If that is the case, what does aphantasia tell us?

[1] https://podcasts.apple.com/dk/podcast/into-the-impossible-wi...


Worth noting that aphantasia doesn't necessarily extend to dreams. Anecdotally - I have pretty severe aphantasia (I can conjure milisecond glimpses of barely tangible imagery that I can't quite perceive before it's gone - but only since learning that visualisation wasn't a linguistic metaphor). I can't really simulate object rotation. I can't really 'picture' how things will look before they're drawn / built etc. However I often have highly vivid dream imagery. I also have excellent recognition of faces and places (e.g.: can't get lost in a new city). So there clearly is a lot of preconscious visualisation and image matching going on in some aphantasia cases, even where the explicit visual screen is all but absent.


I fabulate about this in another comment below:

> Many people with aphantasia reports being able to visualize in their dreams, meaning that they don't lack the ability to generate visuals. So it may be that the [aphantasia] brain has an affinity to rely on the abstract representation when "thinking", while dreaming still uses the "stable diffusion mode".
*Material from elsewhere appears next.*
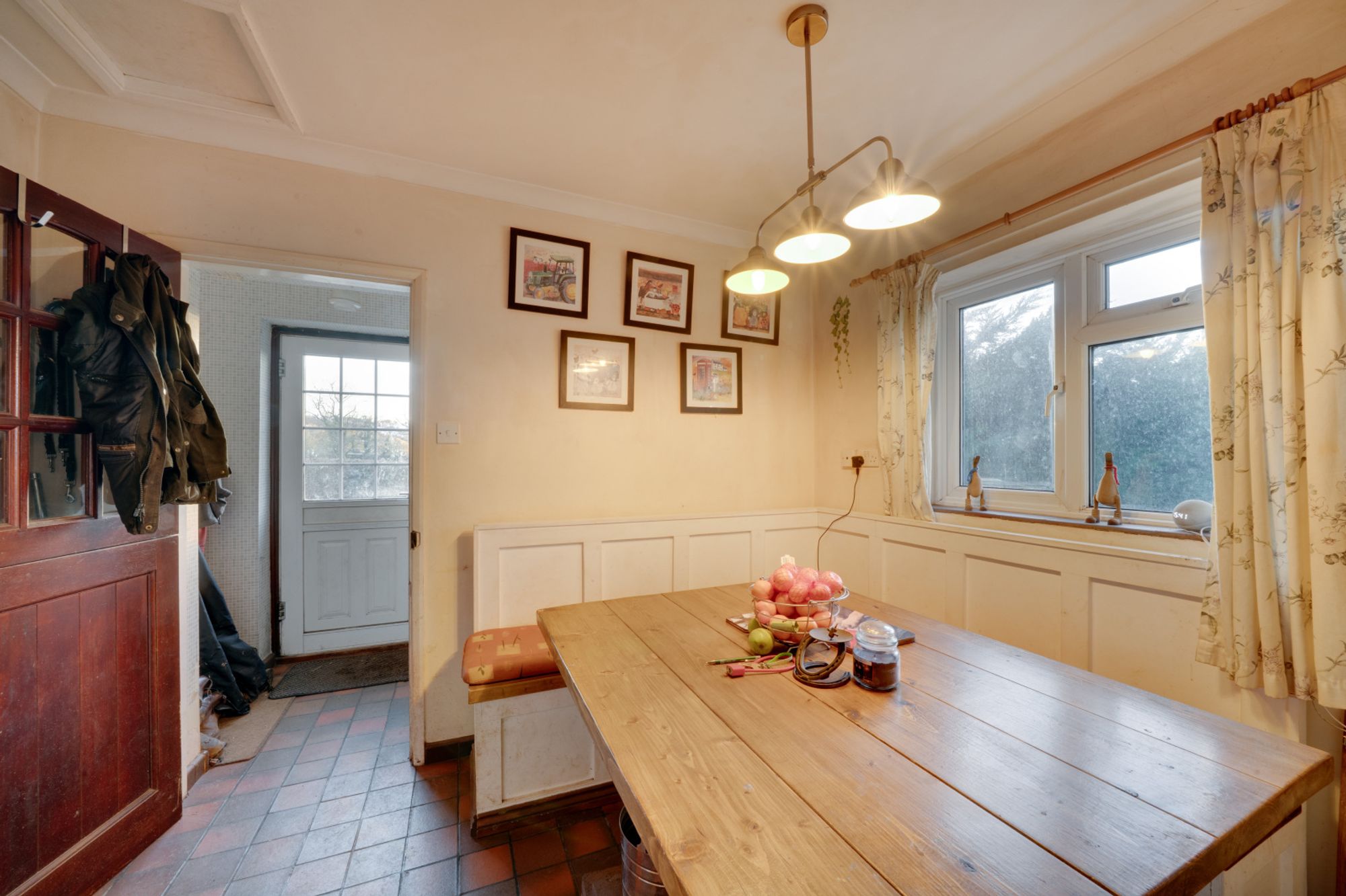 You are welcomed through an entrance hallway, with a second side entrance providing access via a small porch. From here, a door opens into the dining room, a cosy, characterful space featuring a built-in dining table with an L-shaped seating arrangement. This room enjoys views out to the garden and connects neatly to the remainder of the accommodation. A shower room is positioned off the porch for added convenience.

(I obviously don't know what I'm talking about, just a fellow aphant)


Obviously we're all introspecting here - but my guess is that there's some kind of cross talk in aphantasic brains between the conscious narrating semantic brain and the visual module. Such that default mode visualisation is impaired. It's specifically the loss of reflexive consciousness that allows visuals to emerge. Not sure if this is related, but I have pretty severe chronic insomnia, and I often wonder if this in part relates to the inability to drift off into imagery.
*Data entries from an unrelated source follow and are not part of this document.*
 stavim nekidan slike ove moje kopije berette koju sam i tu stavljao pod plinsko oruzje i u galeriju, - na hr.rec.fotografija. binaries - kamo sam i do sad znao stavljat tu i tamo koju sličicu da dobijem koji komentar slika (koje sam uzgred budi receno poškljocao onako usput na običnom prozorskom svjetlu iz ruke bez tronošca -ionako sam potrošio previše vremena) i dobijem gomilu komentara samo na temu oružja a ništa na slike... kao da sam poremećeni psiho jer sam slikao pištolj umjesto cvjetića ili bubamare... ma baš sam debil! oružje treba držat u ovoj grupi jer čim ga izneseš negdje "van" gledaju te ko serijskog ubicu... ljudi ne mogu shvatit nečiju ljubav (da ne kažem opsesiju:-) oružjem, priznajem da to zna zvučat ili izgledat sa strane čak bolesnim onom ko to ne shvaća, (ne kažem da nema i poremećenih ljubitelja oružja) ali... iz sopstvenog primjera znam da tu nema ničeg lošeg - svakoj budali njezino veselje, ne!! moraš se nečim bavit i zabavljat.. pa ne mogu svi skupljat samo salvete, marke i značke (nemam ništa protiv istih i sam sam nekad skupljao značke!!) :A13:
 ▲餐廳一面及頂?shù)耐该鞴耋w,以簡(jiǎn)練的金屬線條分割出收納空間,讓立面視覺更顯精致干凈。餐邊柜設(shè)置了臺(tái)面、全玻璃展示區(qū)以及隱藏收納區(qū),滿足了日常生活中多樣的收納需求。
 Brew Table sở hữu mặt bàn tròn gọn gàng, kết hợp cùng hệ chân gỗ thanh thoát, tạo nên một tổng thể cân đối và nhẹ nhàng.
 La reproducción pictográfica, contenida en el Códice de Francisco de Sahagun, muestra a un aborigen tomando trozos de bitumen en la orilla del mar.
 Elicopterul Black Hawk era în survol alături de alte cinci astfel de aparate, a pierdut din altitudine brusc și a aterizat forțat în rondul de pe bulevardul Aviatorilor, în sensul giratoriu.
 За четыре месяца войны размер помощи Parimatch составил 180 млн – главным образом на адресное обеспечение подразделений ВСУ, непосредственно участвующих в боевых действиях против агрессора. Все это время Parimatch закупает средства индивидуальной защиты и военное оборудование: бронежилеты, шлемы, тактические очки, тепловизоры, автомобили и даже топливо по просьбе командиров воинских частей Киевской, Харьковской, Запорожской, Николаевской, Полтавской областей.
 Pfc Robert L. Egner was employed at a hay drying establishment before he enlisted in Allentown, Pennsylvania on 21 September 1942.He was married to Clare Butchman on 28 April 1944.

Yeah. In my head it's like I'm manipulating SVG paths instead of raw pixels


Pretty much the same for me. My aphantasia is total (no images at all) but still ludicrously vivid dreams and not too bad at recognising people and places.


What’s the aphantasia link? I’ve got aphantasia. I’m convinced though that the bit of my brain that should be making images is used for letting me ‘see’ how things are connected together very easily in my head. Also I still love games like Pictionary and can somehow draw things onto paper than I don’t really know what they look like in my head. It’s often a surprise when pen meets paper.


I agree, it is my own experience as well. Craig Venter In one of his books also credit this way of representing knowledge as abstractions as his strength in inventing new concepts.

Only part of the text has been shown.